Kunpalin Yada, Otvodenko Anna, Van Mieghem Tim, Chiu Priscilla P L, Campisi Paolo, Shinar Shiri, Shah Prakesh S, Marrata Christina, Kajal Dilkash, Ryan Greg, Abbasi Nimrah
Department of Obstetrics & Gynaecology, Ontario Fetal Centre, Mount Sinai Hospital, Toronto, Canada.
University of Toronto, Toronto, Canada.
Prenat Diagn. 2025 Jun;45(6):778-786. doi: 10.1002/pd.6803. Epub 2025 Apr 29.
To describe perinatal and short-term pediatric outcomes and procedural safety of fetal endoscopic tracheal occlusion (FETO) in a Canadian national referral centre.

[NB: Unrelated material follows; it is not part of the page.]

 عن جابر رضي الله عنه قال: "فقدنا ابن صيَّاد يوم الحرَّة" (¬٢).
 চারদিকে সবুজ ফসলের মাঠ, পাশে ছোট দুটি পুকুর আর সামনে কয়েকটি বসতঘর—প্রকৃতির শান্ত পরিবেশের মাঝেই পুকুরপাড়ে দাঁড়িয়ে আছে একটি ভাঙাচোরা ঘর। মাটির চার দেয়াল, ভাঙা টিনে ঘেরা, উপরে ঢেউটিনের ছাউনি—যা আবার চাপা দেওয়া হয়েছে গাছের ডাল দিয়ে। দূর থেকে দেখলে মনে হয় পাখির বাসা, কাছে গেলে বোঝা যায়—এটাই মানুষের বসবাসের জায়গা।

Retrospective study including all consecutive FETO cases at the Ontario Fetal Centre between 2010 and 2024. Maternal and fetal baseline characteristics, technical aspects and short-term outcomes until 6 months are described.

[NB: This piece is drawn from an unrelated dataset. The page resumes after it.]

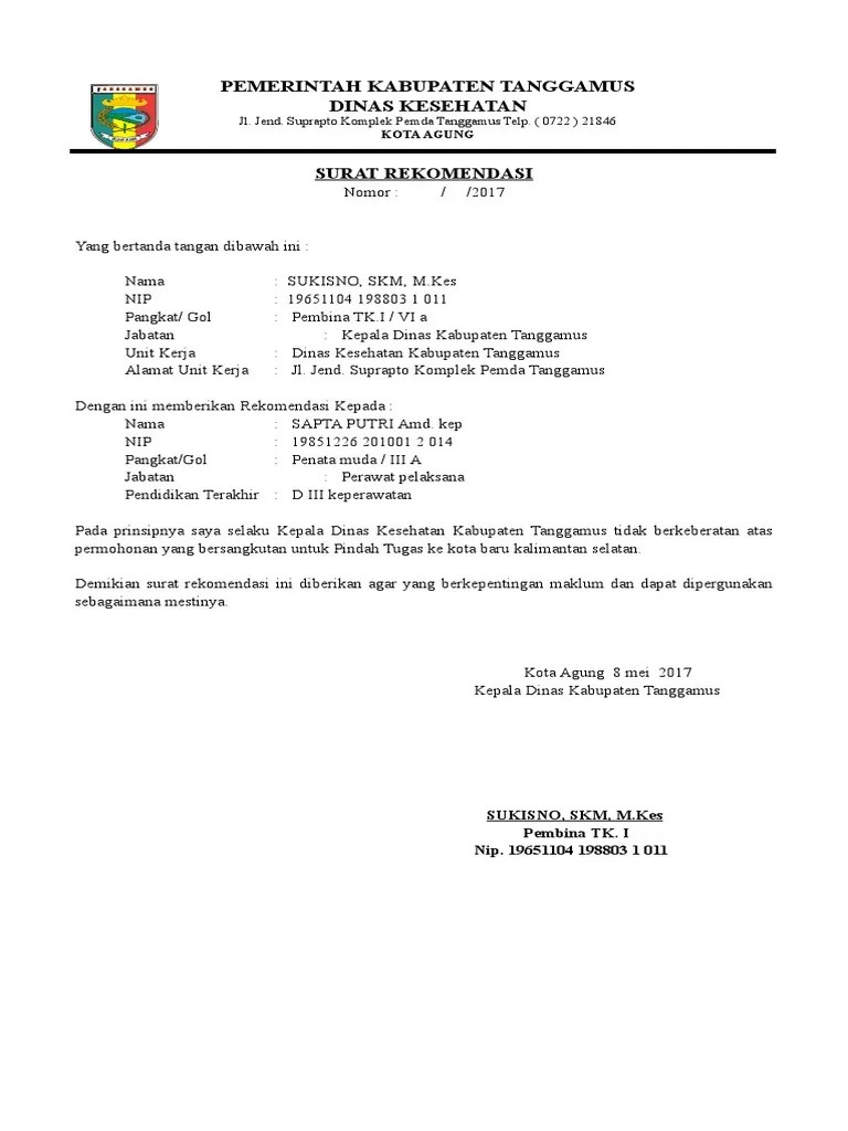 Surat rekomendasi dari kepala satuan kerja; surat rekomendasi pindah tugas. Pemerintah kabupaten bandung menerima surat rekomendasi pindah bekerja dari.

FETO was successfully performed in 47/48 (98%) cases at an average gestational age (GA) of 28.5 (24-31.6) weeks including 22 (47%) moderate LCDH (M-LCDH), 12 (25%) severe LCDH (S-LCDH) and 13 (28%) right CDH (RCDH). There were no major complications. Balloon removals were emergent in 23/46 (50%) and challenging in 14/46 (30%) of cases. Preterm premature rupture of membranes (< 37 weeks) occurred in 70% (33/47) with average GA at birth of 35.9 weeks (29.0-40.4 weeks). Survival to discharge was 54% (25/46), specifically 64% (14/22), 33% (4/12), and 58% (7/12) among M-LCDH, S-LCDH and RCDH, respectively. Patch repair was performed in 28/30 (93%). Supplemental oxygen and tube feeding were required in 32% (8/25) and 68% (15/22) of survivors at discharge, respectively.

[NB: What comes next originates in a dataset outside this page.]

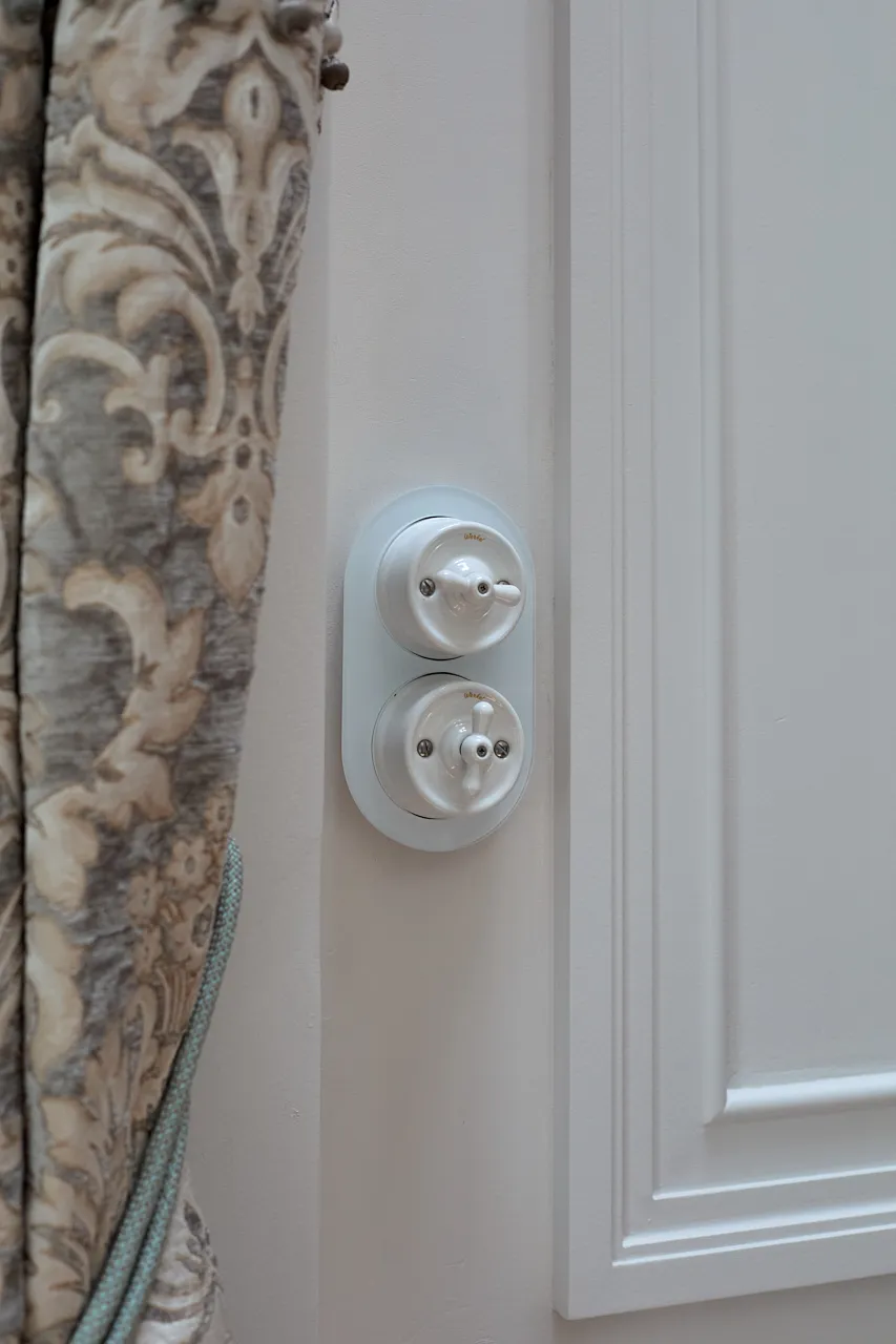 • Эстетика: поворотные выключатели с ручками-барашками и керамические механизмы идеально вписываются в королевский стиль, создавая атмосферу роскоши.

In this North American series, FETO outcomes were similar to those observed in international trials, confirming its effectiveness. Studies are ongoing to evaluate long-term outcomes.
描述加拿大一家全国性转诊中心胎儿内镜气管闭塞术(FETO)的围产期和短期儿科结局以及手术安全性。
回顾性研究纳入了2010年至2024年间安大略胎儿中心所有连续的FETO病例。描述了母亲和胎儿的基线特征、技术方面以及直至6个月的短期结局。
48例中有47例(98%)成功实施了FETO,平均孕周(GA)为28.5(24 - 31.6)周,其中包括22例(47%)中度先天性膈疝(M - LCDH)、12例(25%)重度先天性膈疝(S - LCDH)和13例(28%)右侧先天性膈疝(RCDH)。无重大并发症。46例中有23例(50%)需紧急取出球囊,14例(30%)取出球囊具有挑战性。胎膜早破(<37周)发生率为70%(33/47),出生时平均孕周为35.9周(29.0 - 40.4周)。出院存活率为54%(25/46),具体而言,M - LCDH、S - LCDH和RCDH的出院存活率分别为64%(14/22)、33%(4/12)和58%(7/12)。30例中有28例(93%)进行了补片修补。出院时,分别有32%(8/25)的存活者需要补充氧气,68%(15/22)的存活者需要管饲喂养。
在这个北美系列研究中,FETO的结局与国际试验中观察到的相似,证实了其有效性。正在进行研究以评估长期结局。